You are viewing a plain text version of this content. The canonical link for it is here.
Posted to user@nutch.apache.org by Alex F <al...@googlemail.com> on 2011/06/07 17:05:02 UTC

Character encoding on Html-Pages

Hi,

the regex metaPattern inside org.apache.nutch.parse.html.HtmlParser is not
suitable for sites using single quotes for <meta http-equiv....>

  Example: <meta http-equiv='Content-Type' content='text/html;
charset=iso-8859-1'>
  We experienced a couple of pages with that kind of quotes and Nutch-1.2
was not able to handle it.

Is there any fallback or would it be good to use the following
regex: "<meta\\s+([^>]*http-equiv=(\"|')?content-type(\"|')?[^>]*)>" (single
or regular quotes are accepted)?

BR

Alexander Fahlke
Software Development
www.informera.de

Re: Character encoding on Html-Pages

Posted by Markus Jelsma <ma...@openindex.io>.
Hi,

It is a plugin found in src/plugins/parse-html/.

Cheers

On Tuesday 07 June 2011 18:01:22 lewis john mcgibbney wrote:
> Hi Alex,
> 
> I cannot locate the java file you mention at
> org.apache.nutch.parse.html.HtmlParser in either 1.2 or branch 1.3...
> 
> Having a quick look at org.apache.nutch.parse.HTMLMetaTags (in both
> versions above it is identical) it appears that you are right the "double
> quotes" for <meta http-equiv....> are accepted whereas 'single quotes' are
> not. I would be interested to see what kind of output you get when
> nutch-1.2 experiences the type of single quote meta syntax you highlight?
> Can you elaborate please...
> 
> If your regex suggestion is working then I would stick with this, however
> this is maybe something you wish to raise in JIRA... any comments?
> Lewis
> 
> On Tue, Jun 7, 2011 at 4:05 PM, Alex F <
> 
> alexander.fahlke.mailinglists@googlemail.com> wrote:
> > Hi,
> > 
> > the regex metaPattern inside org.apache.nutch.parse.html.HtmlParser is
> > not suitable for sites using single quotes for <meta http-equiv....>
> > 
> >  Example: <meta http-equiv='Content-Type' content='text/html;
> > 
> > charset=iso-8859-1'>
> > 
> >  We experienced a couple of pages with that kind of quotes and Nutch-1.2
> > 
> > was not able to handle it.
> > 
> > Is there any fallback or would it be good to use the following
> > regex: "<meta\\s+([^>]*http-equiv=(\"|')?content-type(\"|')?[^>]*)>"
> > (single
> > or regular quotes are accepted)?
> > 
> > BR
> > 
> > Alexander Fahlke
> > Software Development
> > www.informera.de

-- 
Markus Jelsma - CTO - Openindex
http://www.linkedin.com/in/markus17
050-8536620 / 06-50258350

Re: Character encoding on Html-Pages

Posted by lewis john mcgibbney <le...@gmail.com>.
Hi Alex,

I cannot locate the java file you mention at
org.apache.nutch.parse.html.HtmlParser in either 1.2 or branch 1.3...
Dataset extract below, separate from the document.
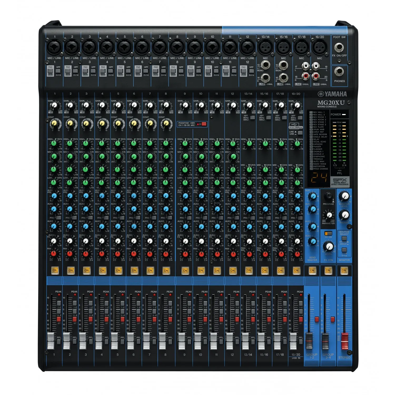 Эффекты придают блеск и долю профессионализма миксам в любой музыкальной или немузыкальной сфере применения. Модели MG X/XU оснащены SPX-процессором Yamaha с набором из 24 редактируемых цифровых эффектов, которые делают глубже звучание речи и придают новые оттенки музыкальному исполнению. В частности, высококачественные ревербератор и дилэй расширяют пространственные свойства звука, придавая ему высокую степень реализма. Система дополняется ножным переключателем FC5 для включения/выключения эффектов. (MG10XU / 12XU/16XU/20XU)
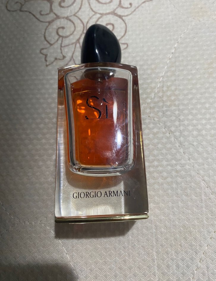Giorgio Armani Si kadın parfümü, siyah kapaklı şeffaf cam şişede zengin amber renkli kokusuyla sunuluyor. Markanın adı ön tarafta yer alıyor. Orijinal

Having a quick look at org.apache.nutch.parse.HTMLMetaTags (in both versions
above it is identical) it appears that you are right the "double quotes" for
<meta http-equiv....> are accepted whereas 'single quotes' are not. I would
be interested to see what kind of output you get when nutch-1.2 experiences
the type of single quote meta syntax you highlight? Can you elaborate
please...

If your regex suggestion is working then I would stick with this, however
this is maybe something you wish to raise in JIRA... any comments?
Lewis

On Tue, Jun 7, 2011 at 4:05 PM, Alex F <
alexander.fahlke.mailinglists@googlemail.com> wrote:

> Hi,
>
> the regex metaPattern inside org.apache.nutch.parse.html.HtmlParser is not
> suitable for sites using single quotes for <meta http-equiv....>
>
>  Example: <meta http-equiv='Content-Type' content='text/html;
> charset=iso-8859-1'>
>  We experienced a couple of pages with that kind of quotes and Nutch-1.2
> was not able to handle it.
>
> Is there any fallback or would it be good to use the following
> regex: "<meta\\s+([^>]*http-equiv=(\"|')?content-type(\"|')?[^>]*)>"
> (single
> or regular quotes are accepted)?
>
> BR
>
> Alexander Fahlke
> Software Development
> www.informera.de
>



-- 
*Lewis*

Re: Character encoding on Html-Pages

Posted by Markus Jelsma <ma...@openindex.io>.
Ticket:
https://issues.apache.org/jira/browse/NUTCH-1006

> Hi,
> 
> the regex metaPattern inside org.apache.nutch.parse.html.HtmlParser is not
> suitable for sites using single quotes for <meta http-equiv....>
> 
>   Example: <meta http-equiv='Content-Type' content='text/html;
> charset=iso-8859-1'>
>   We experienced a couple of pages with that kind of quotes and Nutch-1.2
> was not able to handle it.
> 
> Is there any fallback or would it be good to use the following
> regex: "<meta\\s+([^>]*http-equiv=(\"|')?content-type(\"|')?[^>]*)>"
> (single or regular quotes are accepted)?
> 
> BR
> 
> Alexander Fahlke
> Software Development
> www.informera.de